Then there came a Captain Alder, who was ever so much in love with Miss
Bertha, but most awfully in debt to her brother, and very passionate
besides. So he took him out in his dog-cart with a fiery horse that was
sure to run away.'

'Who did?'

'Captain Alder took Mr. Morton, though they begged and prayed him not,
and the horse ran away and Mr. Morton was thrown out and killed.'

'Oh!' with extreme zest. 'On purpose?'

'Miss Bertha was sure it was, so that she might have all the fortune, and
so she told him, and flung the betrothal ring in his face, and he went
right off, and never has been heard of since.'

'Well, that _is_ interesting. Do you think he shot himself?'

'No, he was too mean. Most likely he married a hideous millionaire: but
the Mortons were always dreadful, and did all sorts of wicked things.'

'I declare it's as good as any tale--like the sweet one in the _Young
Ladies' Friend_ now--"The Pride of Pedro." Have you seen it?'

'No, indeed, uncle and aunt only have great old stupid books! They
wanted me to read those horrid tiresome things of Scott's, and Dickens's
too, who is as old as the hills! Why, they could not think of anything
better to do on their wedding tour but to go to all the places in the
Waverley novels.'

'Why, they are as bad as history! Jim brought one home once, and pa
wanted me to read it, but I could not get on with it--all about a stupid
king of France. I'm sure if I married a lord I'd make him do something
nicer.'

'I mean ma to do something more jolly,' said Ida, 'when we get more
money, and I am come out. I mean to go to balls and tennis parties, and
I shall be sure to marry a lord at some of them.'

'And you will take me,' cried Sibyl.

'Only you must be very genteel,' said Ida. 'Try to learn style, _do_,
dear. It must be learnt young, you know! Why, there's Aunt Mary, when
she has got ever so beautiful a satin dress on, she does not look half so
stylish as Lady Adela walking up the road in an old felt hat and a
shepherd's-plaid waterproof! But they all do dress so as I should be
ashamed. Only think what a scrape that got Herbert into. He was coming
back one Saturday from his tutor's, and he saw walking up to the house an
awfully seedy figure of fun, in an old old ulster, and such a hat as you
never saw, with a knapsack on her back, and a portfolio under her arm.
So of course he thought it was a tramp with something to sell, and he
holloaed out, "You'd better come out of this! We want none of your
sort." She just turned round and laughed, which put him in such a rage,
that though she began to speak he didn't wait, but told her to have done
with her sauce, or he would call the keepers. He thinks she said, "You'd
better," and I believe he did move his stick a little.'

'Ida, have done with that!' cried Herbert's voice close to her. 'Hold
your tongue, or I'll--' and his hand was near her hair.

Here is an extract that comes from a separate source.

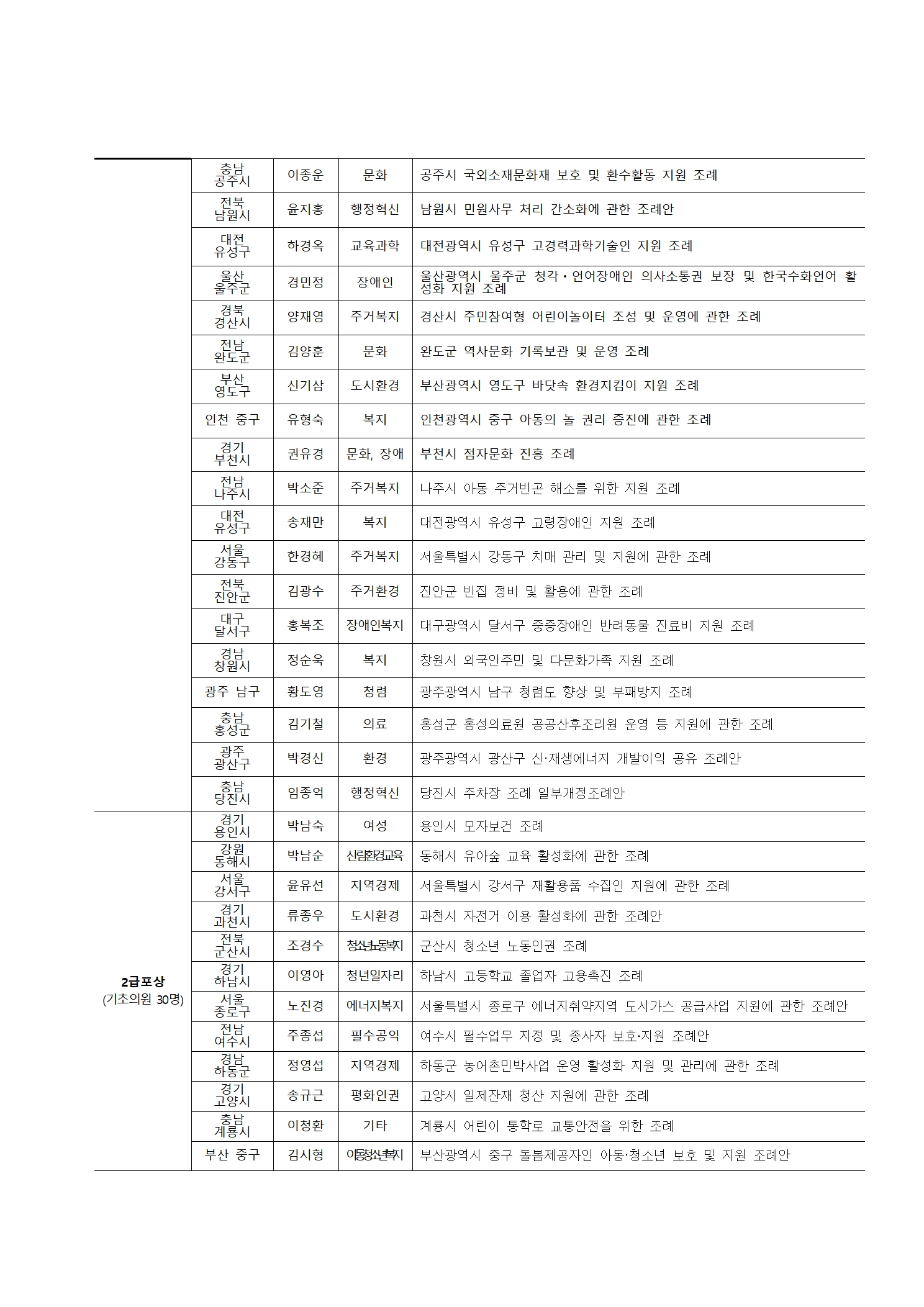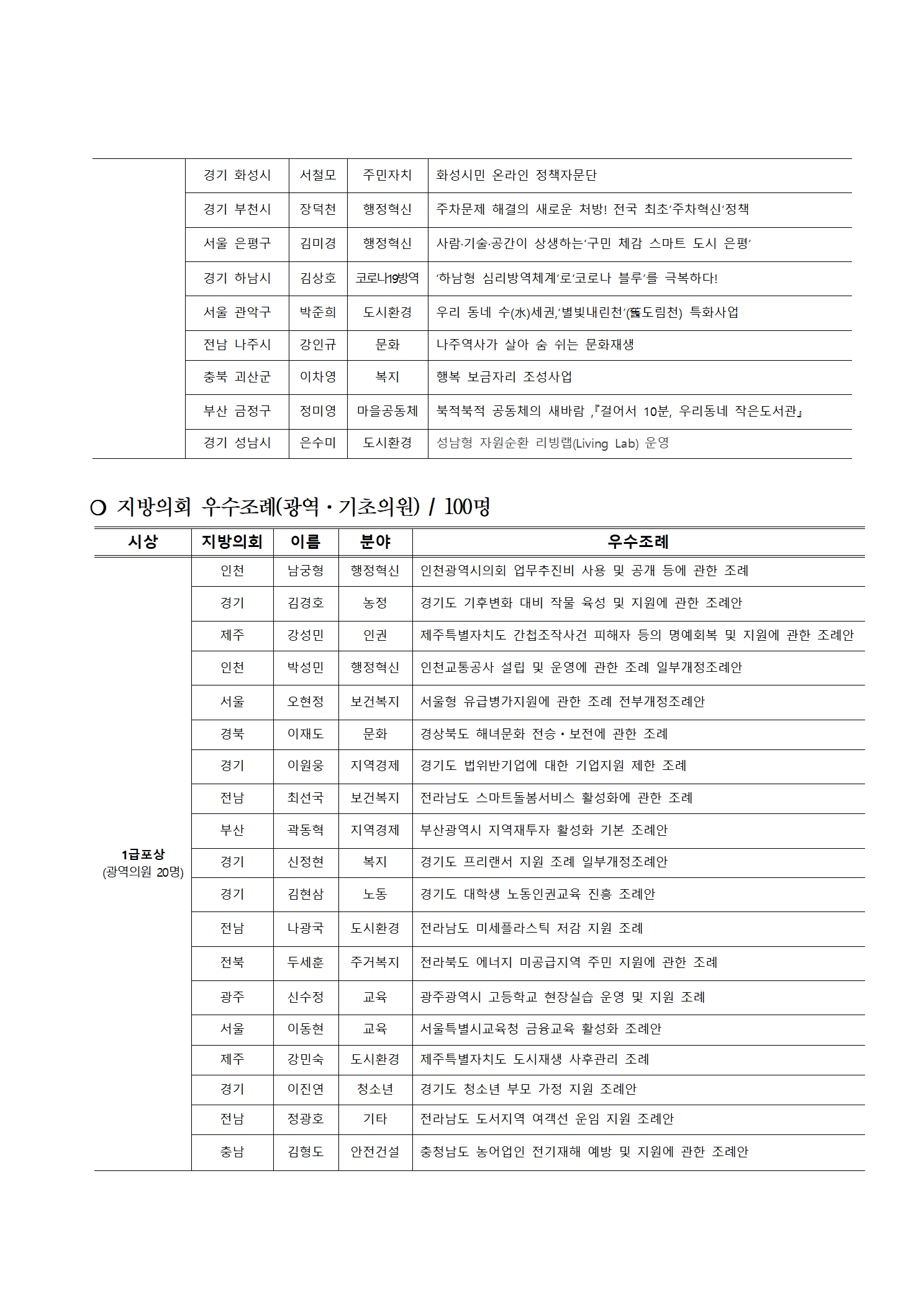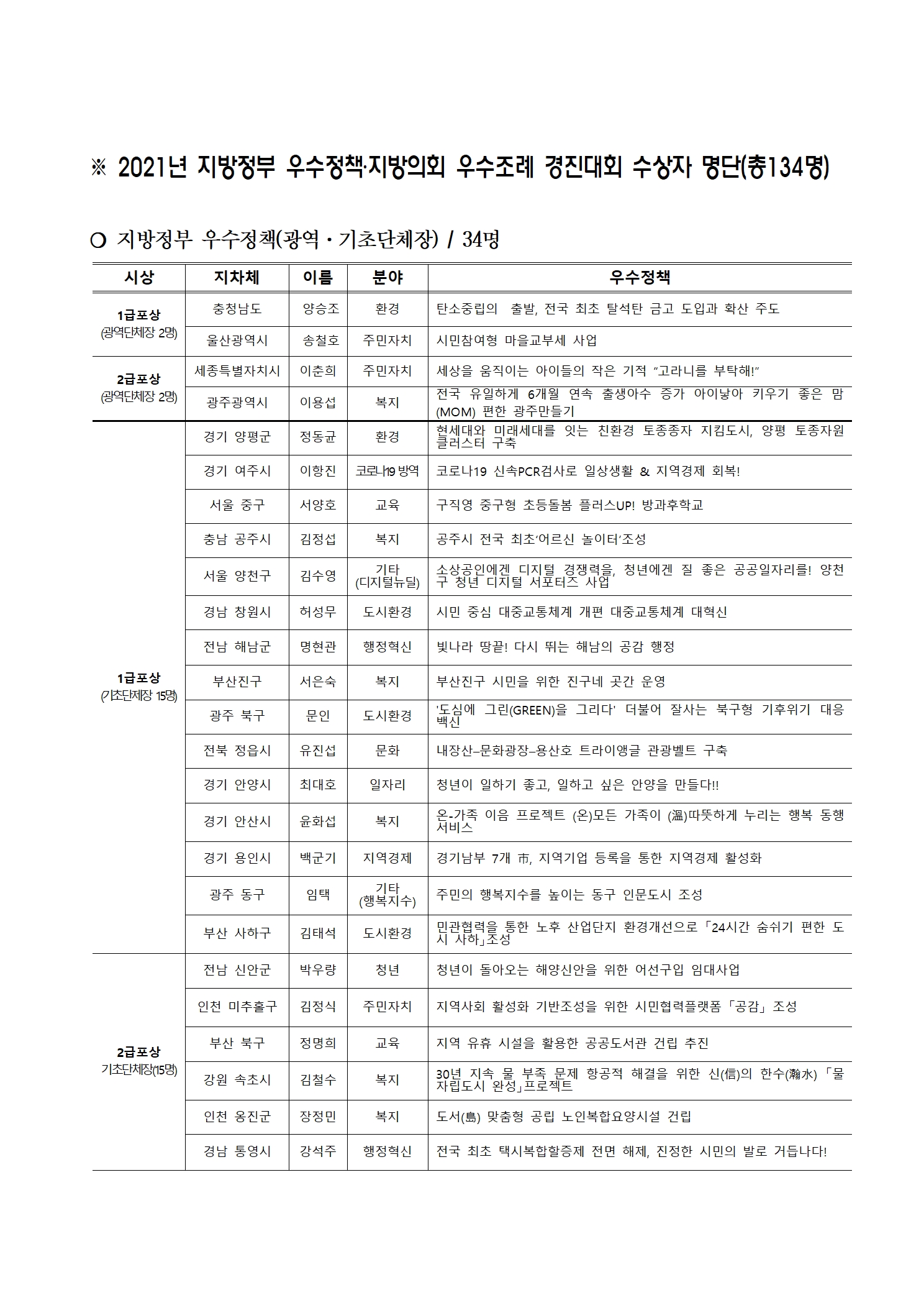 2021 지방정부 우수정책․지방의회 우수조례 경진대회 수상자 공지(수정)

'Oh, don't, don't, Herbert. Let me hear,' cried Sibyl.

'That's the way girls go on,' said Herbert fiercely, 'with their nonsense
and stuff.'

'But who--?'

'If you go on, Ida--' he was clutching her braid.

Sibyl sprang to the defence, and there was a general struggle and romp
interspersed with screams, which was summarily stopped by Mr. Rollstone
explaining severely, 'If you think that is the deportment of the
aristocracy, Miss Ida, you are much mistaken.'

'Bother the aristocracy!' broke out Herbert.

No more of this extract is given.